Die in DevOps erstellte neue Release-Pipeline (CD) ermöglicht vollautomatische Bereitstellung in alle Anwendungsumgebungen – bisher wurden nur einige von ihnen von einer TeamCity-Deployment-Konfiguration unterstützt. Die Bereitstellungsautomatisierung für alle Umgebungen war eine klare und wichtige Projektanforderung. Bei der Erstellung der Release-Pipeline haben wir das Roundhouse-Tool für die Datenbankversionierung und -bereitstellung vorgeschlagen und implementiert. Das Anwendungsteam hat gute Erfahrungen mit dem Tool gemacht, was die zukünftige Datenbankpflege verbessern soll. Vor dieser Verbesserung wurden alle Datenbankänderungen manuell angewendet, indem benutzerdefinierte SQL-Patch-Skripts ausgeführt wurden.

Auf die verwaltete SQL-Datenbank-Instanz, ohne öffentlichen Endpunkt, kann von Microsoft-gehosteten DevOps-Agenten nicht zugegriffen werden – sie ist außerhalb ihres eigenen virtuellen Azure-Netzwerks nicht sichtbar. Daher planten wir, selbst gehostete DevOps-Agents zu verwenden, die sich im Azure-Abonnement des Kunden im selben VNET befanden.

Neben der Haupt-Release-Pipeline wurden zusätzliche DevOps-Pipelines für migrierte Selenium-, SpecFlow- und tSQLt-Tests erstellt.

Zusammenfassung

Das Migrationsprojekt lief noch während ich diesen Artikel verfasste, aber die meisten Arbeiten waren bereits abgeschlossen und einige der Vorproduktionsumgebungen waren in Azure in Betrieb. Die Lektion, die wir im Laufe dieses Projekts gelernt haben, ist dass es bei der Cloud-Migration nicht nur um eine Änderung des Anwendungshostings geht. Es kann eine Vielzahl von Anforderungen, Abhängigkeiten oder Einschränkungen geben, die zu Beginn nicht klar erkennbar sind, aber später während eines Migrationsprojekts auftreten können. Der Umgang mit solchen zusätzlichen Bedenken kann wichtiger, technisch anspruchsvoller und zeitaufwendiger sein als ein „reiner“ Cloud-Migrationsprozess.

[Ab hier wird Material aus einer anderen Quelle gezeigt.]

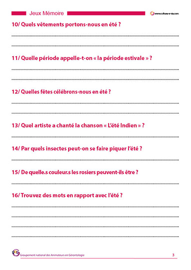 Le quiz proposé par Christelle permet d’échanger sur l’été. Composé de 25 questions et 6 devinettes, ce support d’animation est proposé en version à imprimer. Certaines questions font appellent aux connaissances et d’autres aux souvenirs ou expériences des personnes âgées. La première partie comporte les questions avec un espace pour écrire les réponses et la seconde partie comporte la question et la réponse. Vous pouvez également imprimer seulement la 2e version et jouer à l’oral en individuel.

Abgesehen davon, kann die Migration in die Cloud eine gute Gelegenheit sein, bestimmte Verbesserungen innerhalb der Lieferprozesse oder der Anwendung zu entdecken und umzusetzen.

Dies mag offensichtlich erscheinen, aber es ist erwähnenswert, dass eine gute Zusammenarbeit mit dem Kunden für uns immer entscheidend ist. Unser Kick-Off-Workshop zu Beginn des Projekts war eine großartige Idee, da dieser die meisten Erwartungen und technischen Herausforderungen des Kunden offenbarte. Gemeinsam konnten wir eine generelle Richtung für die neue Cloud-basierte Lösung vorgeben.